Farim keeps silent and chews his lower lip, suitably chagrined by Rangok's wise words.


----------



## Chauzu (Aug 26, 2008)

Axel ponders over Rangok's words as he looks about. He chuckles as he throws his dice out of the cell door. Then the dwarf moves to the back of the cell again and crosses his arms.

"You guys don't look very strong," Axel says. "You're not very smart, either, so I'll be the boss of this cell."


----------



## Walking Dad (Aug 26, 2008)

"Are you a lunatic? You see us, robbed even of our clothes, having no gold whatsover and taken prisoner by hobgoblins. And you think we have gold with us? And 'boss of this cell'? What should that mean? That you can sleep on this sorry pile of hay?
And Rangok, don't call this creature a proper 'dwarf'. There is more to this word than beard and size.
Speak, what is even your clan and ancestry? To mock a cleric of Moradin? How do you even know, that he is a priest?"
Vondal speaks up.


----------



## renau1g (Aug 26, 2008)

Morrim begins laughing at the newcomer's words and stares hard at the dwarf. 

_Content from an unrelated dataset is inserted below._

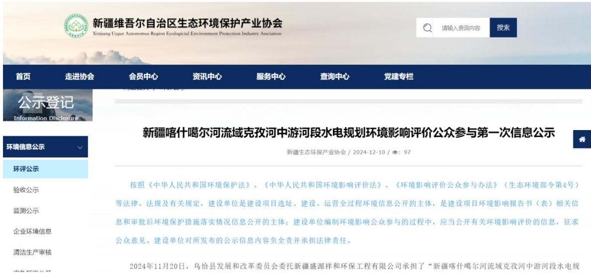
图 9.1-1 首次环境影响评价信息网络公示截图

"You think us weak, you think you can march in here and order us around. You've got another thing coming boyo, the way I see it you've got 2 options. 1 - play along and work with us, or 2 - end up like that rat you're chewing on. If you think I'm joking know that I need no equipment to blast you into dust" Morrim says, and to accentuate the point launches an eldritch blast at the cell door, near Axel.

[sblock=OOC]
Intimidate:
Intimidate (1d20+5=23)
[/sblock]


----------



## The Digger (Aug 26, 2008)

"Hold on a moment my fine friends.  Let us not get too hasty here.  Our new 'friend' here..." Thorfin accentuates the word sarcastically "...is probably so well used to this place that he carries on in the vein he has become accustomed to.  I for one would have no objection playing his game.  If nothing else, and even if it does not serve to help get us released, it will at least pass the time."

He turned to the others, arms outstretched "Come, let us all be friends, especially in our adversity."


----------



## Leif (Aug 26, 2008)

*Farim Rubyheart, Cleric 1, L/G, 28/28 HP*

"We are not the ones who first suggested that our relationship should be anything other than one of friendship!  It was that...that..._person_ who degraded himself and us by first bringing payment into the conversation."


----------



## Chauzu (Aug 26, 2008)

Axel takes the bone away from his teeth and tosses it back into the hay. Vondal's words begin to make him angry. Axel pounds his fist into his palm and says, "I'm going to pound you all into the floor!" Morrim's demonstration, on the otherhand, convinces him otherwise. "Magic-user, huh?" Then Thorfin's words produce a point and a nod by Axel as he agrees with the warrior. "That one agrees! So let's be _'friends'_... but I am still the boss inside of this cell!"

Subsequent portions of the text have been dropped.